7.14.2018

The 1977 Trailblazers: A Bunch of Role Players and Bill Walton



February 20, 1994 Sunday

The NBA championship Portland Trail Blazers of 1976-77 were mostly consummate role players: enforcer Maurice Lucas and sharpshooter Bob Gross up front, ultra-smooth Lionel Hollins and scrappy Dave Twardzik at the guards. But in the middle was the one great player championship squads need-the brilliant Bill Walton, 6 feet 11 inches worth of red hair and genius.

That Blazer team, Walton remembers in this account of his career, made basketball the kind of game he dreamed about: fast breaks, teamwork, ball movement and pressure defense. Only in his mid-20s, Walton promised to lead them to a series of championships.

Like Larry Bird or Magic Johnson or Michael Jordan, when Walton was on the court, he made his teammates better than they were. An honors graduate of UCLA who had opinions and did not hesitate to express them, he protested against the Vietnam War in college and was no friend of conformity. Typically, he insisted on a clause in his contract with the Blazers that allowed him to grow his hair as long as he wanted.
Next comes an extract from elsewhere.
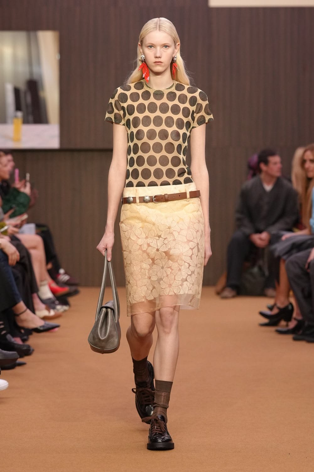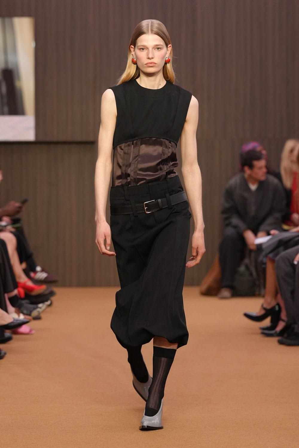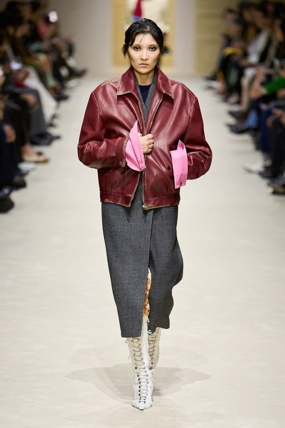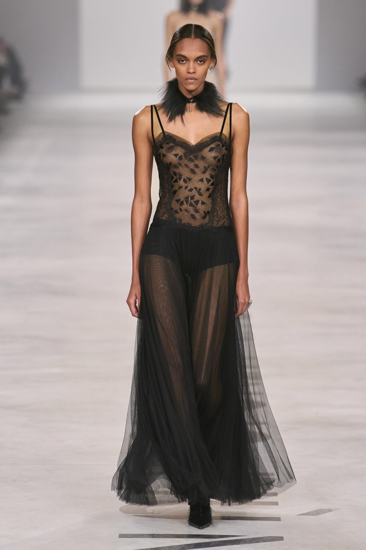 Krytycy z zapartym tchem czekali na debiutancką kolekcję ready-to-wear autorstwa Demny Gvasalii. Gruziński projektant postanowił zmierzyć się z dziedzictwem Gucci z czasów Toma Forda, ale efekt końcowy budził raczej silne poczucie déjà vu. Choć kolekcja miała mocniejsze punkty, w dużej mierze opierała się na recyklingu archiwalnych projektów i próbie wskrzeszenia estetyki heroin chic. Niepokój budził nawet krok modelek – nie wiadomo, czy ich chwiejny chód był zamierzonym performansem, czy jedynie efektem fatalnie sprofilowanego obuwia. Finał z udziałem zjawiskowej Kate Moss w ikonicznej sukni z odsłoniętymi stringami był jedynie „wisienką na torcie”, która ostatecznie potwierdziła wtórność całego pokazu.

Walton was then already a Deadhead, and his continuing devotion to the Grateful Dead is reflected throughout "Nothing But Net." Lyrics by Jerry Garcia and Bob Weir provide chapter epigraphs. Walton recalls following the band to various concerts, including a stifling-hot gig in Egypt. He met his fiancee at one of them. And he evokes parallels, some of them far-fetched, between Garcia and individual basketball stars. Musician and ballplayer alike travel the road, he points out, and both rely on speed and improvisation and give maximum effort every night. Well, sure, but. . . .

The reason to read this book, in any case, is for Walton's reminiscences and ideas about basketball, not his thoughts on music or the counter culture. "Nothing But Net" is two-thirds memoir, one-third commentary, and the writing-Walton on the tape recorder shaped into prose by Los Angeles Times sportswriter Gene Wojciechowski-is serviceable and solid enough not to get in the way of the story.

The story, unfortunately, does not go deep. We learn little of Walton's family or childhood, and nothing of the relationship that produced his four sons.

But if the author is understandably not very forthcoming about his personal life, he freely voices his opinions about basketball. As a commentator for NBC, Walton is usually labeled "controversial" or "outspoken." In "Nothing But Net," he speaks out on coaches, players, referees, college athletics and, above all, on sports medicine.

The sad fact is that Walton's body did not enable him to fulfill the promise of two NCAA championships at UCLA and that glorious 1977 victory at Portland. His body broke down under the pounding of the nine-month NBA season. "Minor surgery," he observed in 1981, "is what they do to somebody else." They did it to him at least once a year during 13 of his 14 years in the league, in a long and unsuccessful series of attempts to repair stress fractures in both feet. Injuries kept him off the court for 762 games, or the equivalent of nine full seasons. Finally, in 1990 he had an ankle fusion operation that left him barely ambulatory but wonderfully pain-free.

Walton has only good things to say about most of the doctors who treated him. In Portland, though, he was regarded as a kind of malingerer when the pain kept him off the court. The team doctor gave him a shot of Xylocaine for the game of April 21, 1978. Walton played until the bone in his foot split in half.

Walton speaks with respect of coaches Jack Ramsay, Lenny Wilkens and K.C. Jones-for whose Boston Celtics 1986 championship team he played the role of sixth man-but reserves his reverence for John Wooden of UCLA. Wooden recruited Walton from Helix High School near San Diego and then taught him and his other recruits how to eat and sleep and organize their day, how to lace their shoes and tuck in their jerseys and dry their hair after practice.

Practices themselves were fiercely competitive. There Wooden stressed the basics, particularly his famous pressing defense. But he did not overcoach. The team had no plays, Walton reports, not one. The system was simple: Get the ball to the best players and let them make plays. Nor did Wooden yell at or brutalize his players. Too many coaches today try to control the game from the bench, Walton believes, including such successful ones as Pat Riley and Bob Knight.

Walton celebrates greatness among those he played against-his nomination for the greatest of them all: Bill Russell-but he also criticizes the star mentality that induced referees to send Jordan to the line on every close call or allows Charles Barkley an extra step in his move to the basket.

The most radical, and at the same time most sensible, proposal in the book is that college basketball players should also be college students-qualified for entrance by academic as well as athletic standards. Such players should not be permitted to jump to the pros before graduation, Walton believes. Talented athletes who lack the ability or the discipline to do college work can let the Continental Basketball Association serve as their training ground.

If such a proposal were to be adopted by university presidents and athletic directors, two things would happen. The quality of NCAA basketball would drop off some. And much of the hypocrisy that besets American college sports would vanish. That sounds like a very good tradeoff.